= Uthman Mukhtari =

Persian poet

Abū ‘Umar ‘Uthmān b. ‘Umar Mukhtārī Ghaznavī (born c. 467/1074-75, died 513×15/1118×21) was a Persian poet of the Ghaznavids, an empire originating from Ghazna located in Afghanistan. He had patrons at the courts of the Qarakhānids, the Seljūqs of Kirman, and the Ismaili ruler of Tabas.

In the assessment of A. A. Seyed-Gohrab,
in Persian literary history, he is known for his detailed and extensive poetic descriptions (vaṣf) and his interest in literary riddles.
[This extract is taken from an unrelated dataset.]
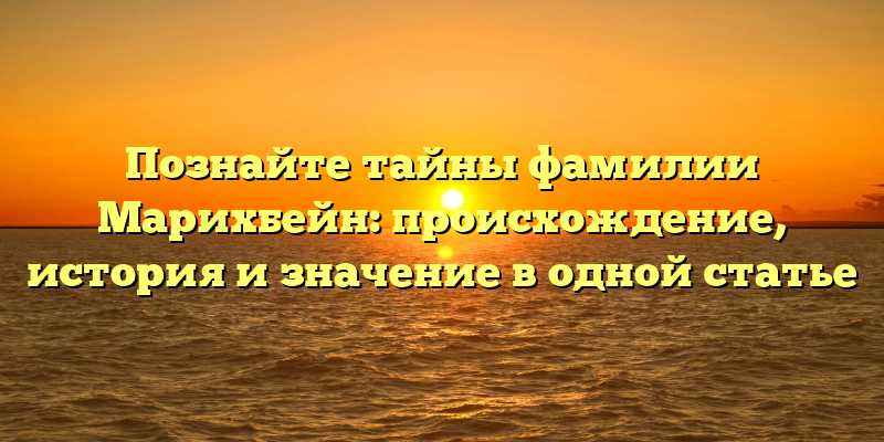 Раскрываем тайны фамилии Марихбейн: история, происхождение и значение в одной статье для любознательных.
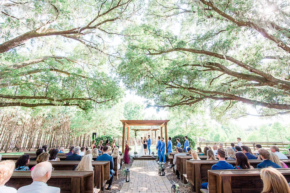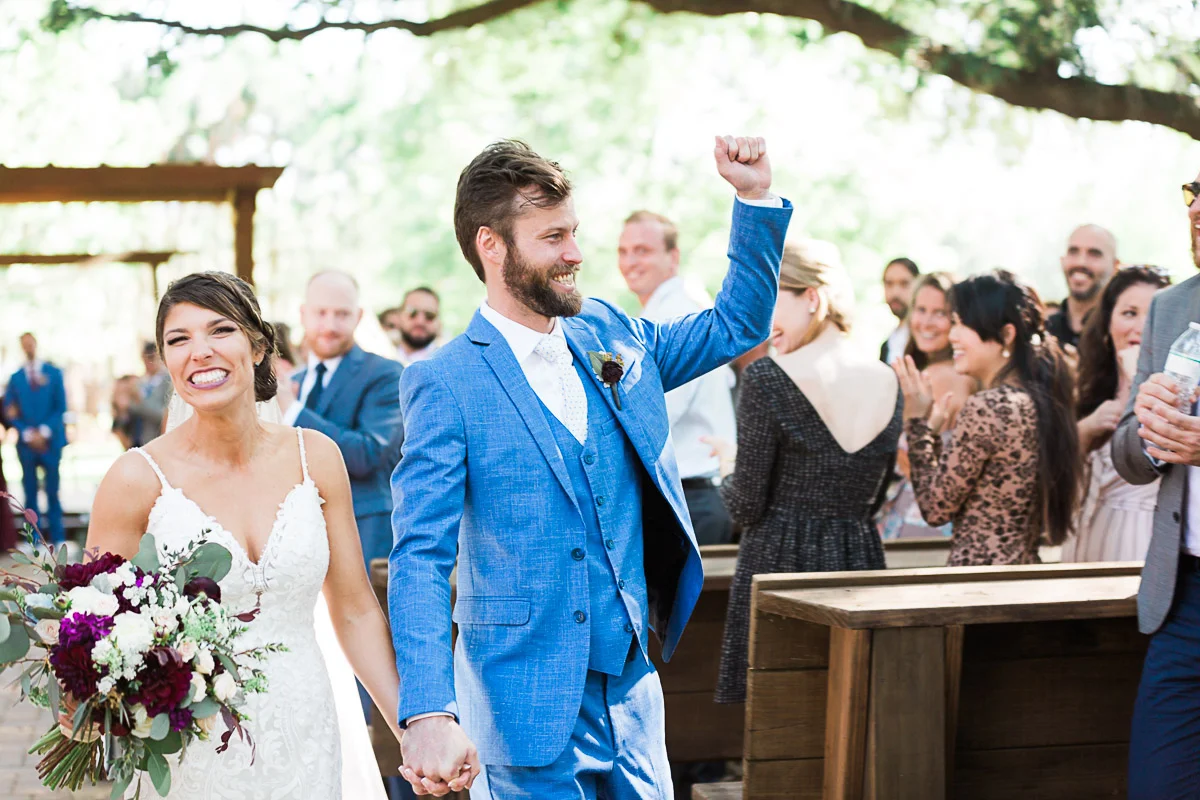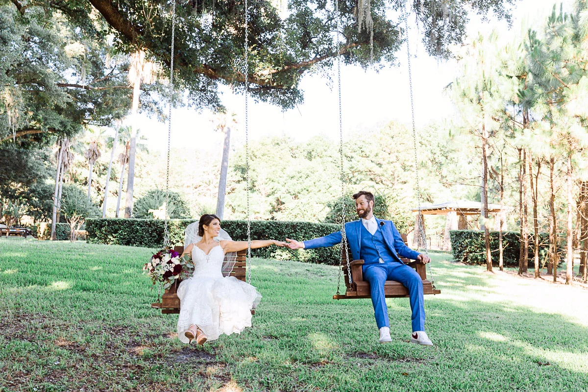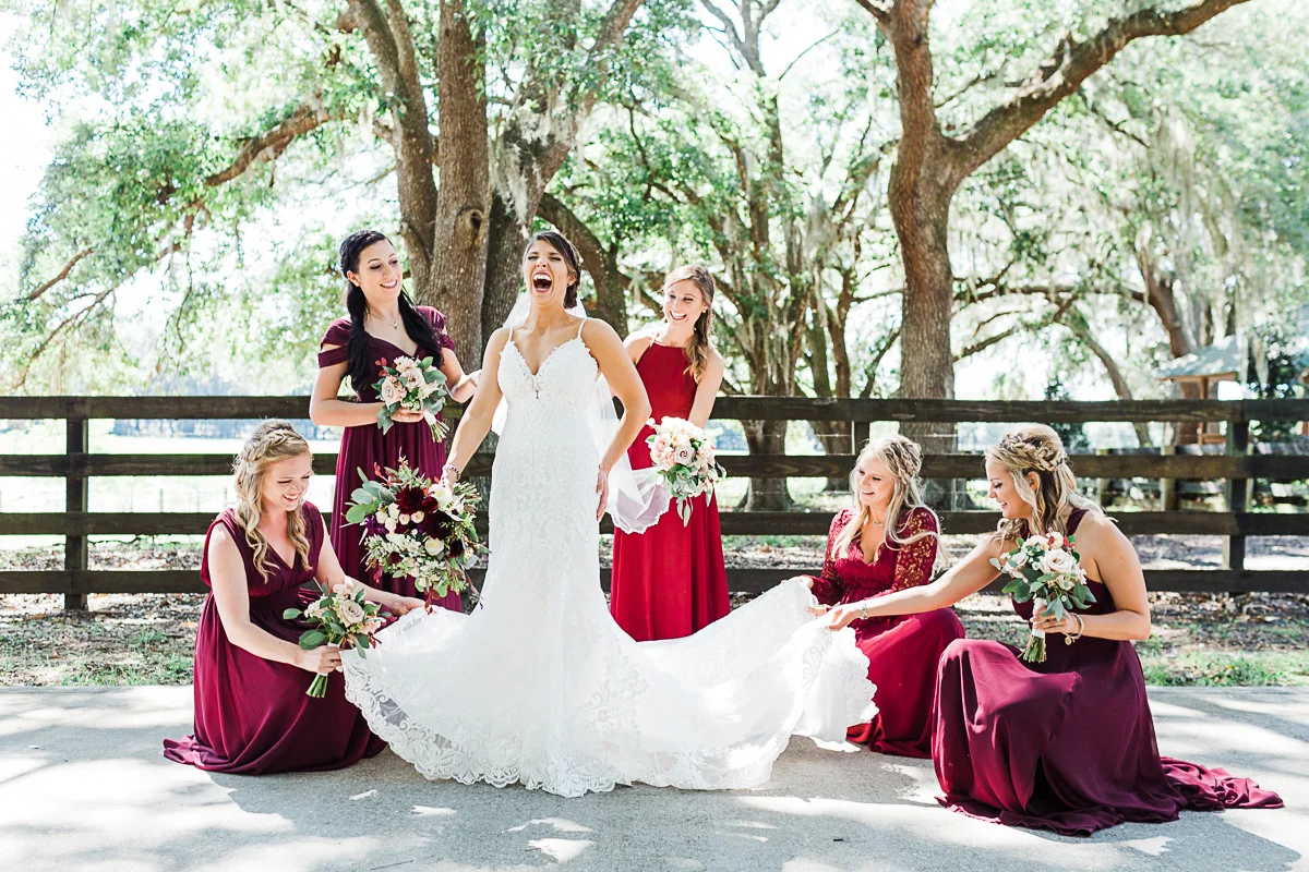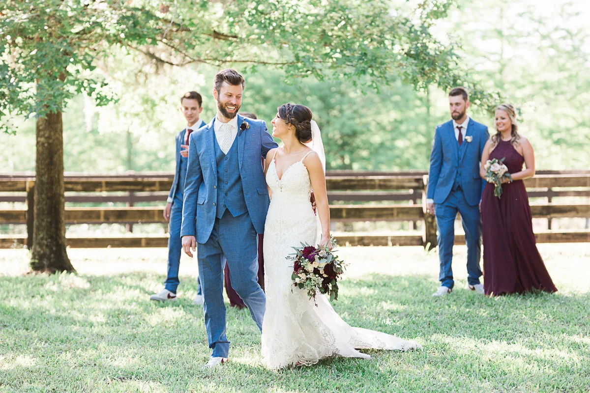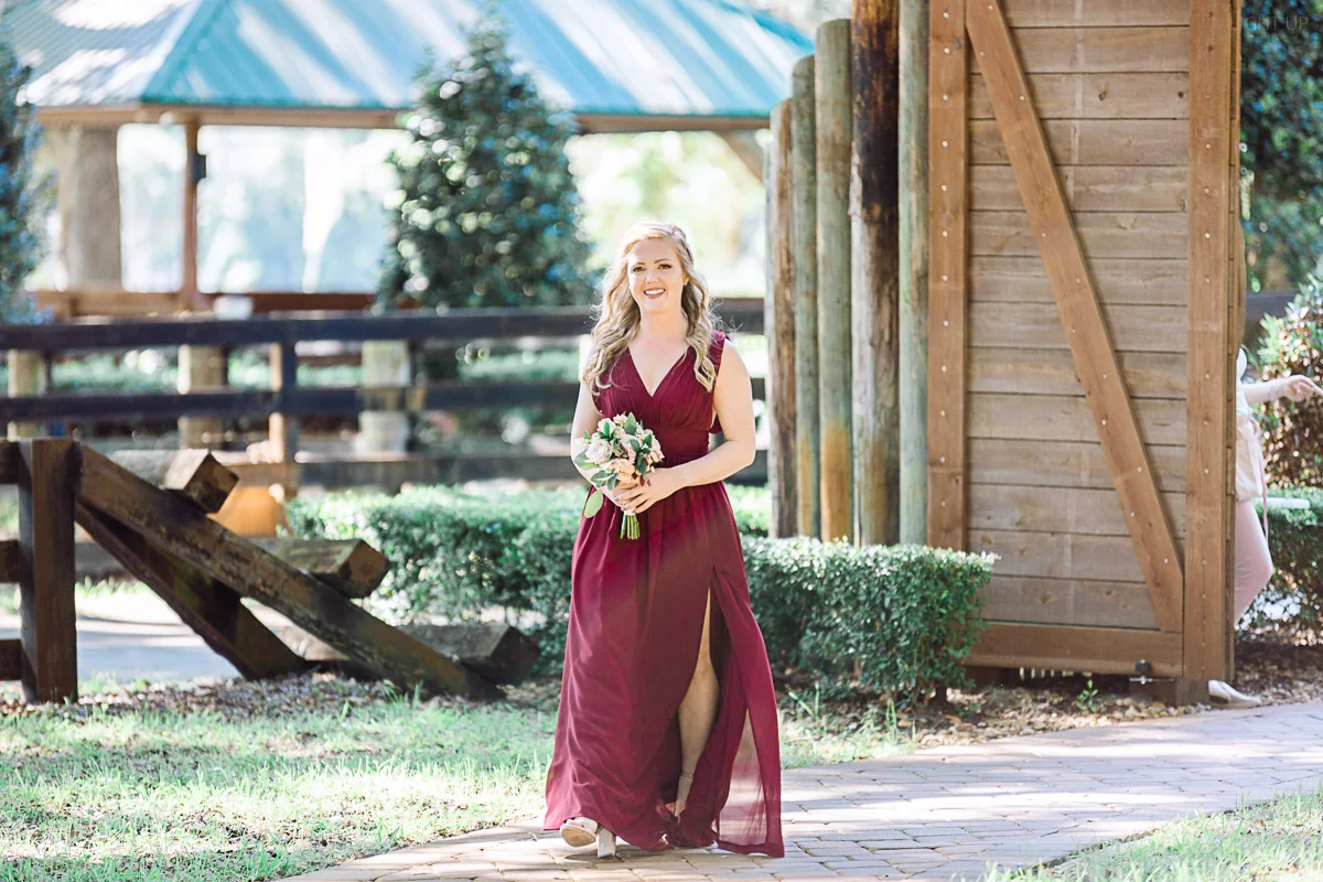 Nicole and Taylor’s beautiful Florida wedding was vibrant and fun from beginning to end. The colors were blue and red/burgundy with all the lush greens that only Club Lake Plantation can provide; a stunning wedding venue for an outdoor ceremony. The ceremony was amazing, the bridal party looked amazing, the weather was amazing, and the bride and groom looked amazing in their wedding photos.

His ability lies first of all in the minute description of courtly events such as royal banquets, hunting grounds, battlefields, and Islamic and pre-Islamic Persian festivals.

Originating from Ghazna, he is thought to have written the Shahryar-nama, which describes the struggles of Muslims against Indian heathens during the Ghaznavid era. The epic was composed in 3 years. Parts of it remain in the British Museum. While at Tabas in 500-508 (1105–13), he composed the Hunar-nāma, dedicating it to the ruler of Tabas, Yamīm al-Dowla, one of the Ismaili aristocrats of Quhistān.

He was a great fan of Masud Sa'd Salman.